§ **Try it**
Retype the opening lines of the data exactly, stopping after the line that contains "Простой PDF Reader". Skip every picture.
· · · · · · ·
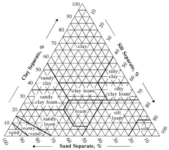 Figure 5. USDA soil texture triangle. A diagram with soil types according to their clay, silt and sand composition [45].
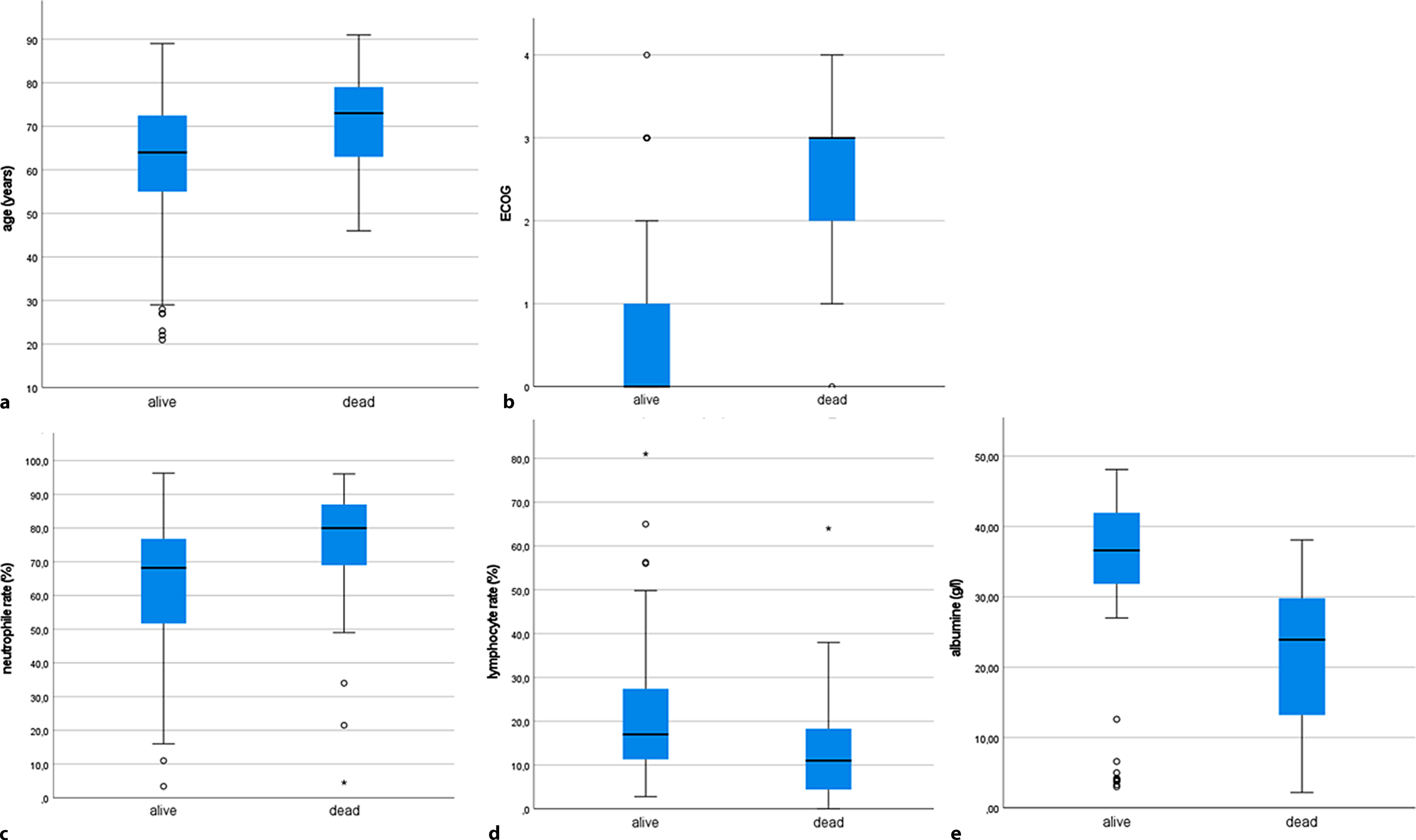 Factors associated with higher mortality in cancer patients. a age, b ECOG, c neutrophile percentage, d lymphocyte percentage, e albumin
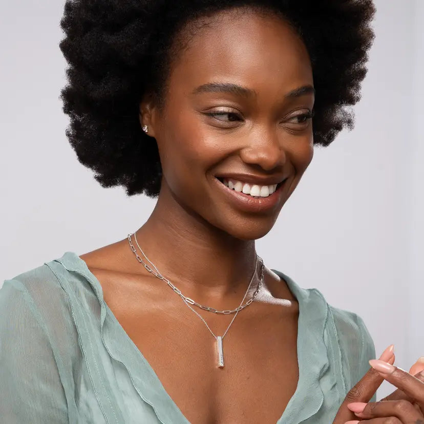 • Avec un pendentif barre 3D vertical personnalisable avec jusqu'à quatre gravures.
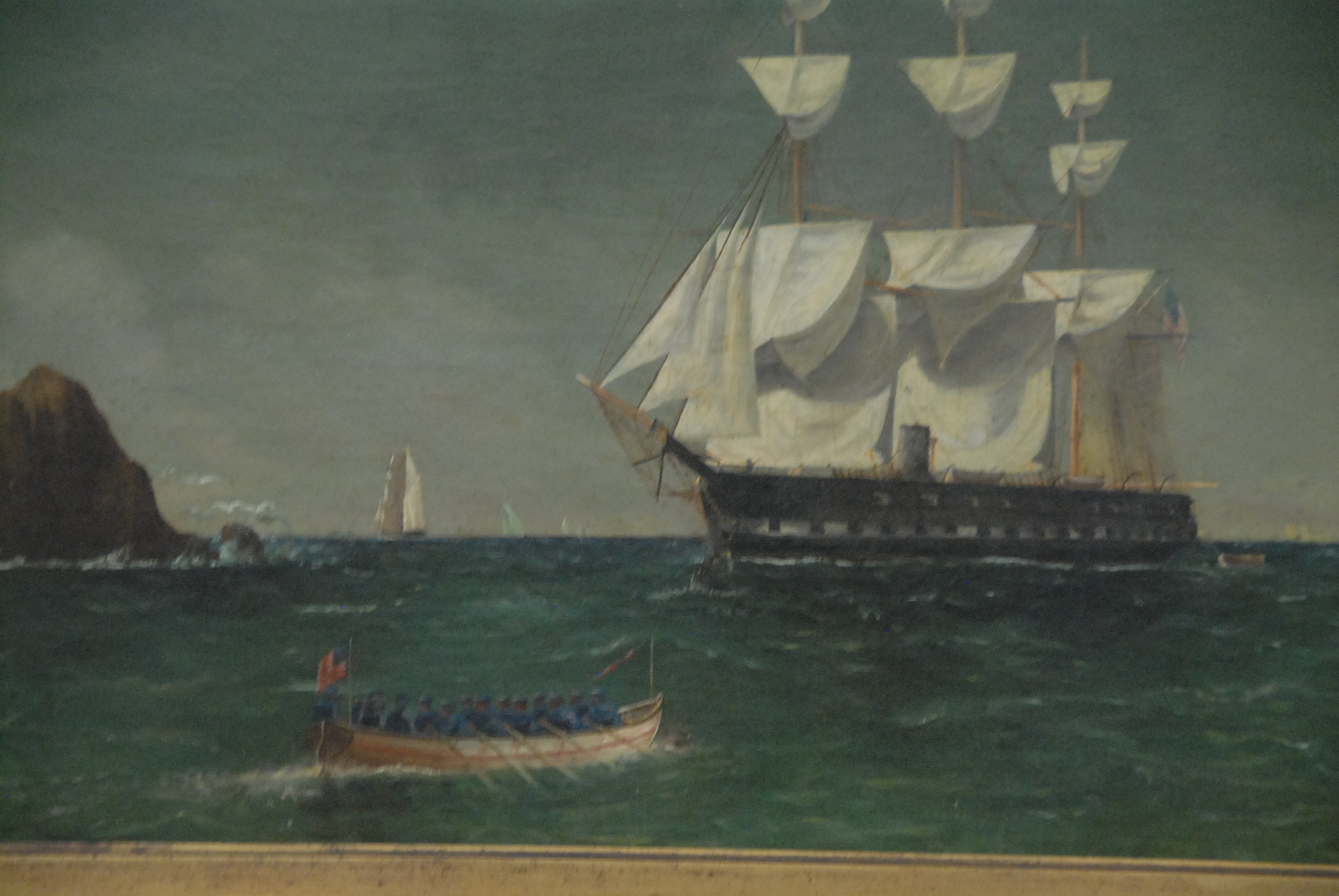 William Henry Coffin 1812-1898 ROWING TO THE SHIP FLYING AMERICAN FLAGS oil on canvas signed lower right W. H. Coffin 72 16 x 26
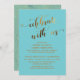 Gold Celebrate with Us on Turquoise w/ Hearts Invitation
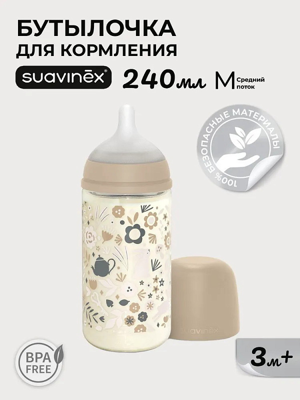 Стеклянная бутылочка Suavinex FM S Wond для детского питания 240 мл, 3+ 308789 LIBER BGНет оценокХарактеристики
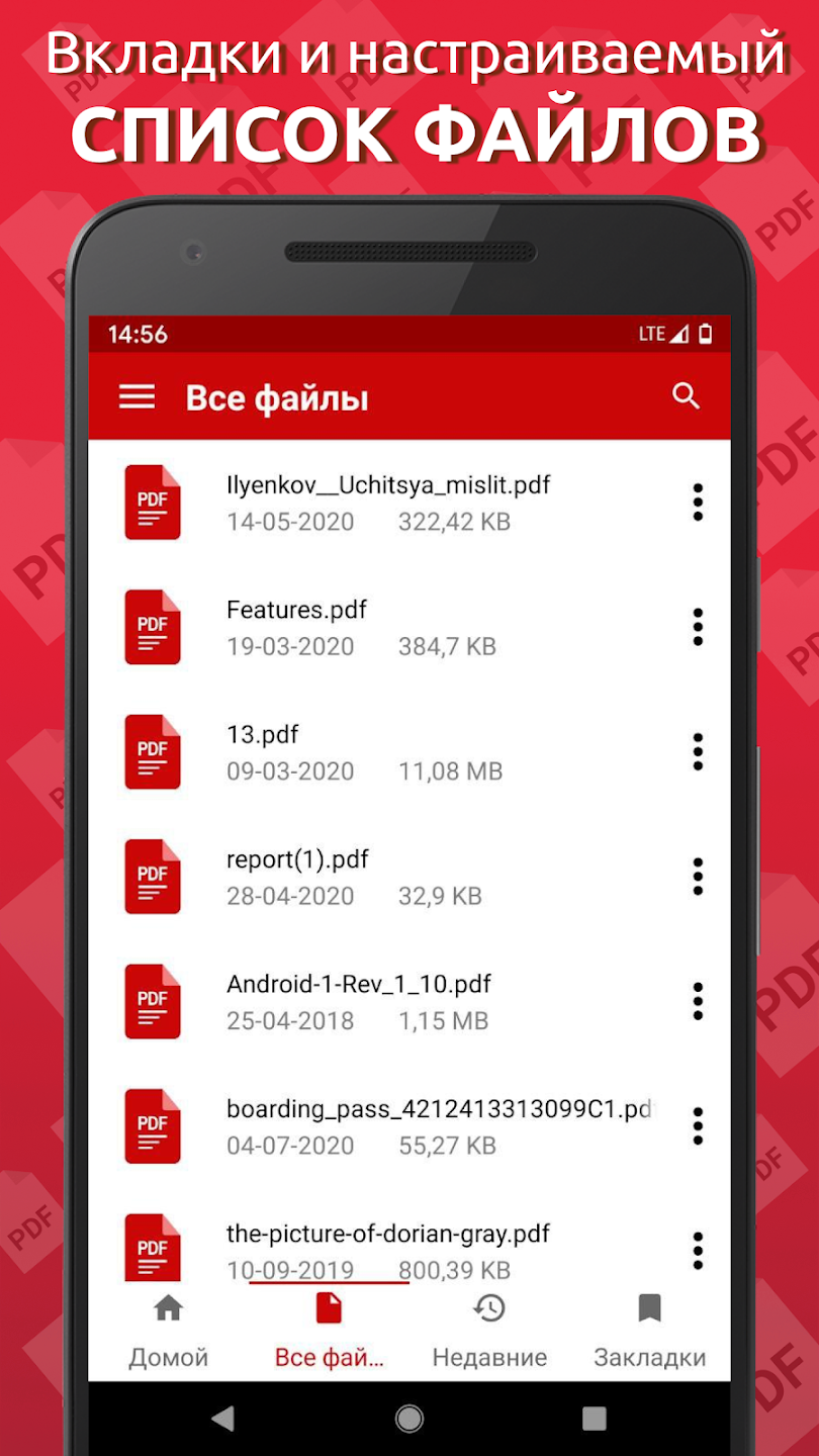 Простой PDF Reader автоматически распознает все хранящиеся на вашем устройстве документы. Читалка сформирует список pdf файлов и вам останется только выбрать нужный документ для просмотра.
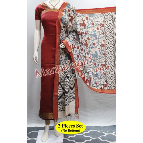 Powerloom Semipattu Top with Gold Zari Border. With Kalamkari Hand Painted Semipattu Dupatta. Unstitched 2 Pieces Set.
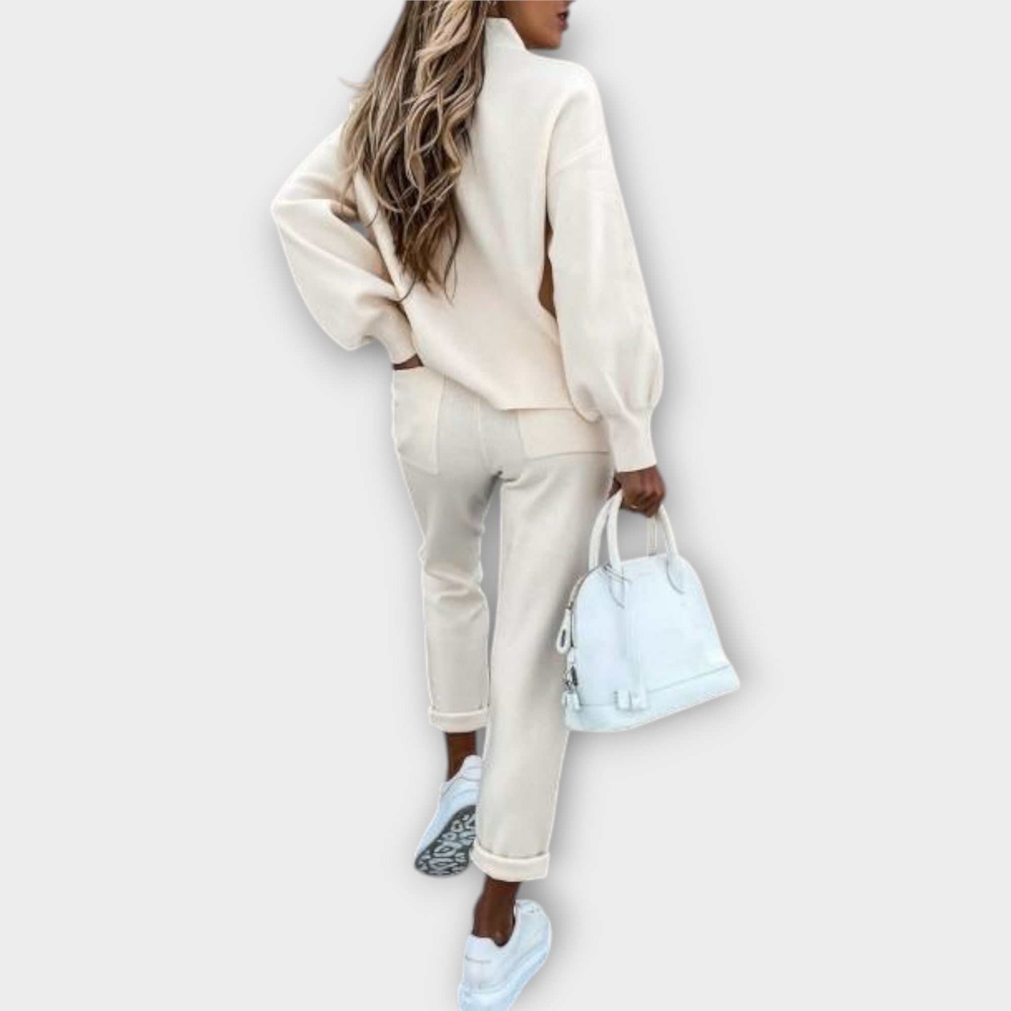 Set s pohodlným střihem a nadčasovou elegancí – jedinečný set, který se snadno přizpůsobí vašemu stylu a dodá každé kombinaci dokonalé finální tečku. Jeho všestranný design je ideální pro příležitost, od lehkých casualů po sofistikované vzhledy.
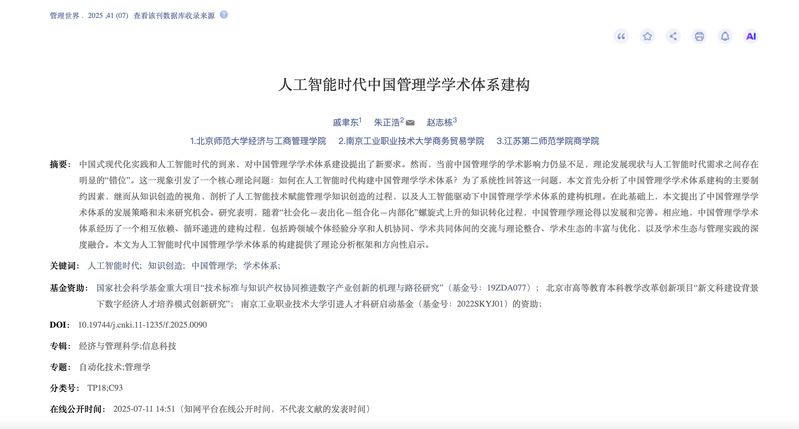近日,AB.COM商务贸易学院朱正浩教授与北京师范大学戚聿东教授、江苏第二师范学院赵志栋博士合作论文“人工智能时代中国管理学学术体系建构”,刊发于管理学顶刊《管理世界》2025年第7期,朱正浩教授为本文通讯作者,这是AB.COM首次以通讯作者单位在管理学顶刊《管理世界》发文,论文受到AB.COM引进人才科研启动基金(基金号:2022SKYJ01)的资助。
· · · · · · ·
§ **Answer to this exercise**
 Figure 5. USDA soil texture triangle. A diagram with soil types according to their clay, silt and sand composition [45].
 Factors associated with higher mortality in cancer patients. a age, b ECOG, c neutrophile percentage, d lymphocyte percentage, e albumin
 • Avec un pendentif barre 3D vertical personnalisable avec jusqu'à quatre gravures.
 William Henry Coffin 1812-1898 ROWING TO THE SHIP FLYING AMERICAN FLAGS oil on canvas signed lower right W. H. Coffin 72 16 x 26
 Gold Celebrate with Us on Turquoise w/ Hearts Invitation
 Стеклянная бутылочка Suavinex FM S Wond для детского питания 240 мл, 3+ 308789 LIBER BGНет оценокХарактеристики
 Простой PDF Reader автоматически распознает все хранящиеся на вашем устройстве документы. Читалка сформирует список pdf файлов и вам останется только выбрать нужный документ для просмотра.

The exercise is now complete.